--- Work request ---
Output the complete listing exactly, please, and keep the pictures out of it.

--- Provided material ---
********************
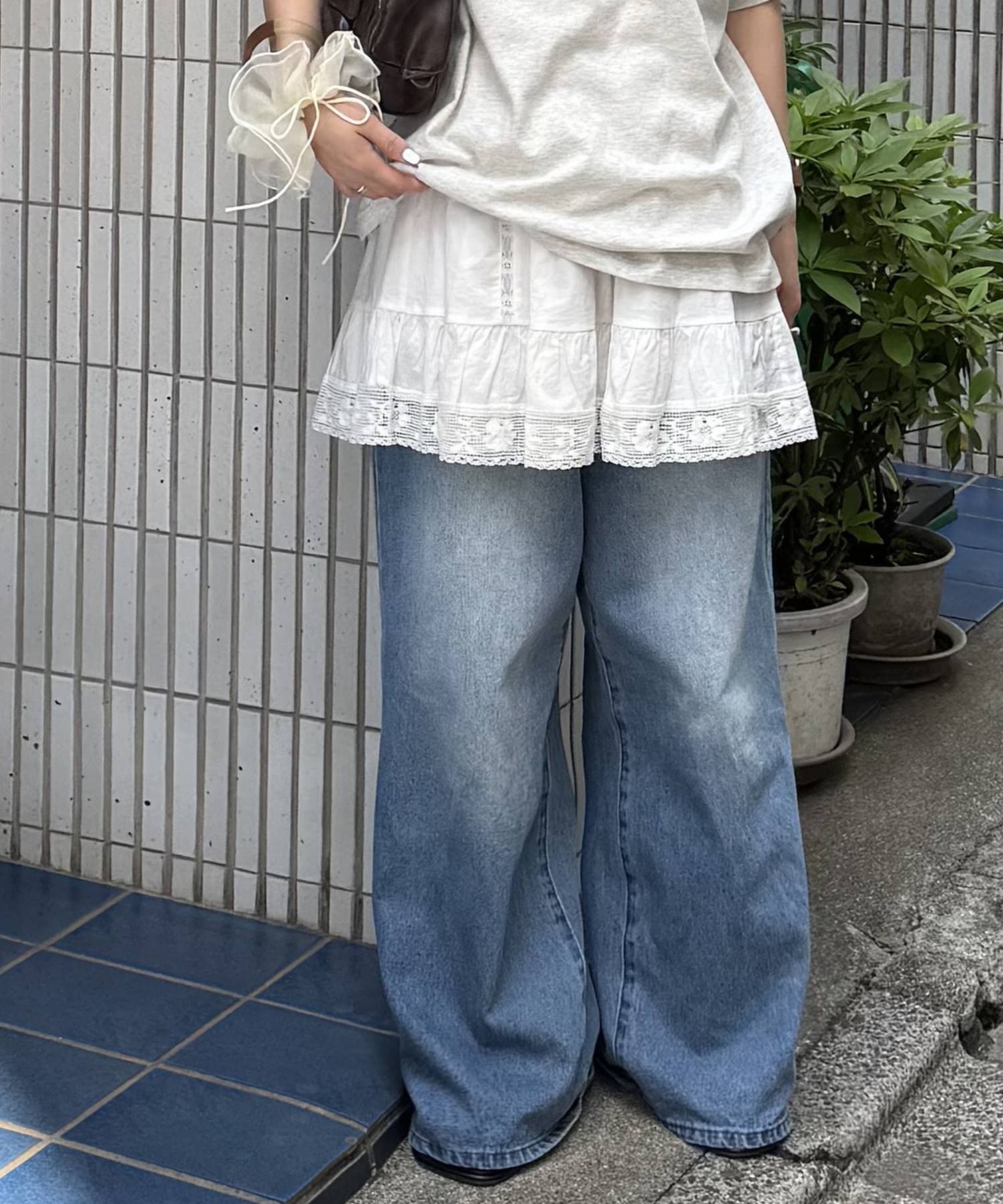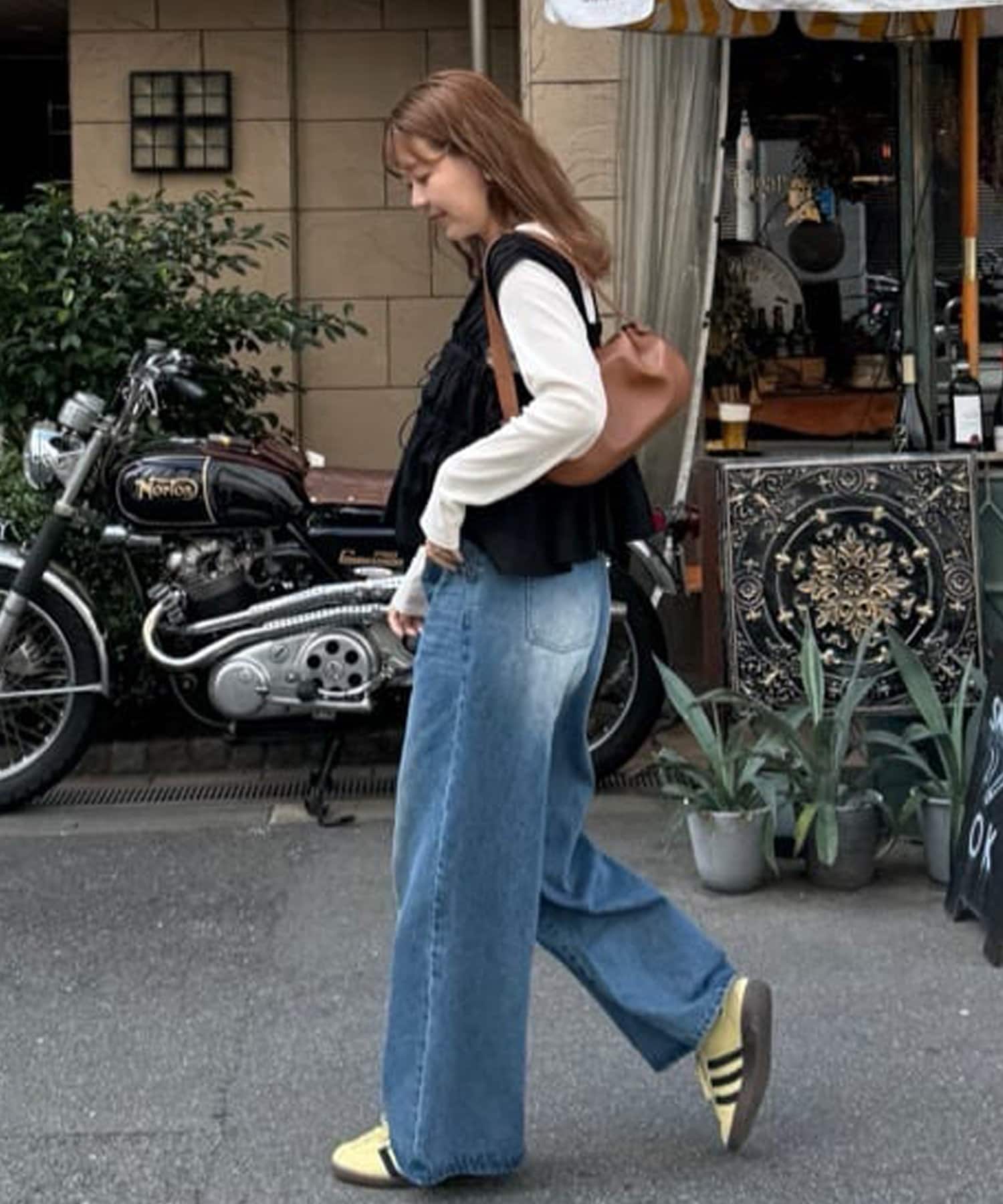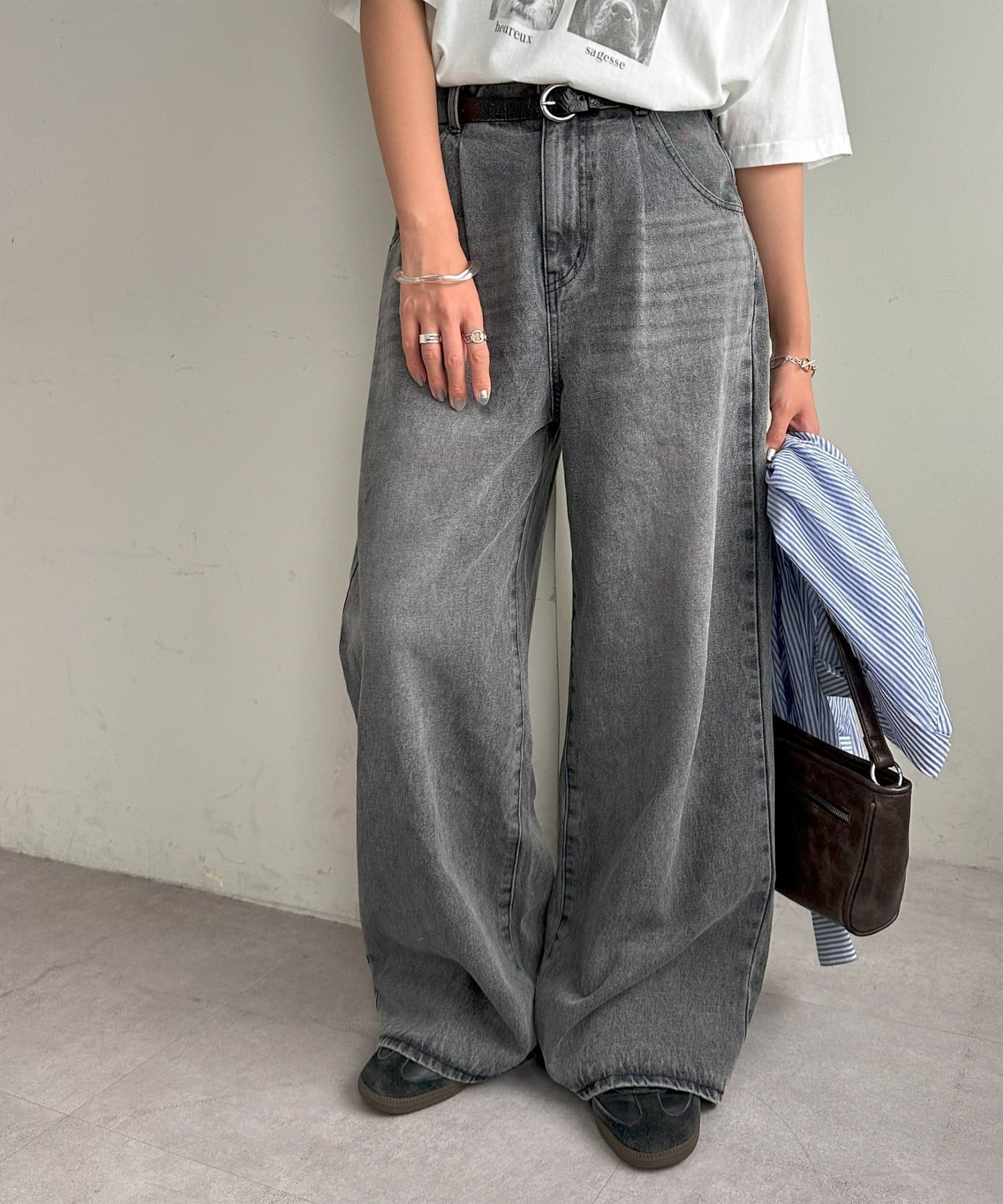綺麗なシルエットでどんなスタイルにもマッチするワイドデニムパンツ
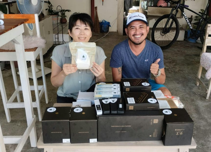 7月|クラファンの資金で購入したのはまずこれらのアイテム。Arielさんの指示でコーヒー収穫後の糖分測定器や、コーヒーのハンドドリップ器具を調達しました!農家さんたちも実際に美味しいコーヒーの淹れ方を練習しています。
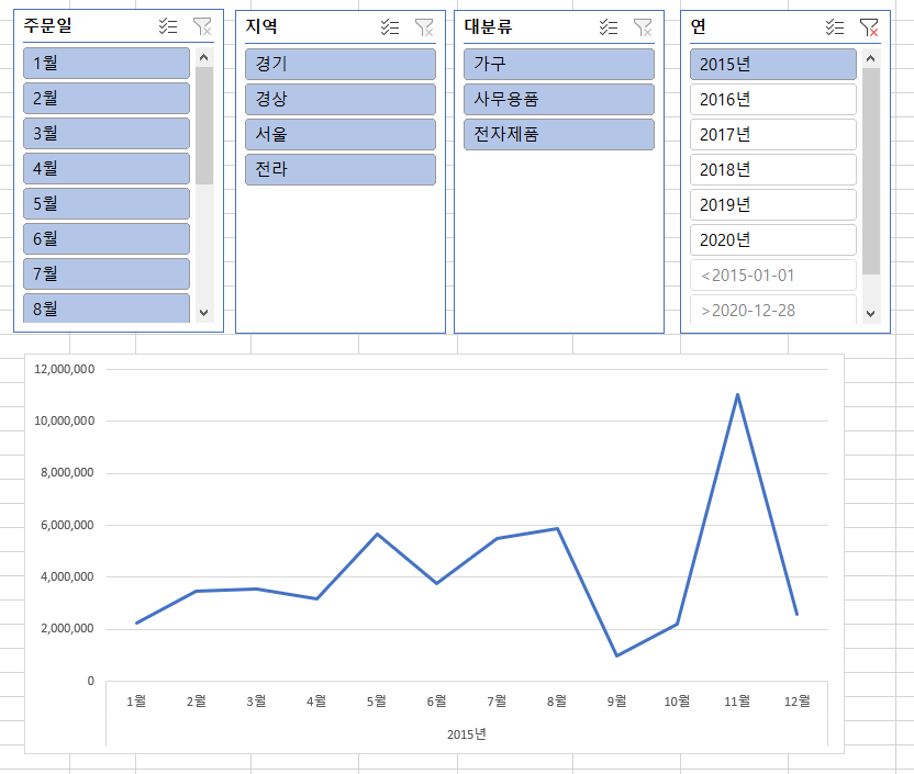 차트 제목, 범례 등을 지워 간소화해준다. 이제 슬라이서에서 필터링할 때마다 차트가 자동으로 변경된다.
********************
--- Task output ---
綺麗なシルエットでどんなスタイルにもマッチするワイドデニムパンツ
 7月|クラファンの資金で購入したのはまずこれらのアイテム。Arielさんの指示でコーヒー収穫後の糖分測定器や、コーヒーのハンドドリップ器具を調達しました!農家さんたちも実際に美味しいコーヒーの淹れ方を練習しています。
 차트 제목, 범례 등을 지워 간소화해준다. 이제 슬라이서에서 필터링할 때마다 차트가 자동으로 변경된다.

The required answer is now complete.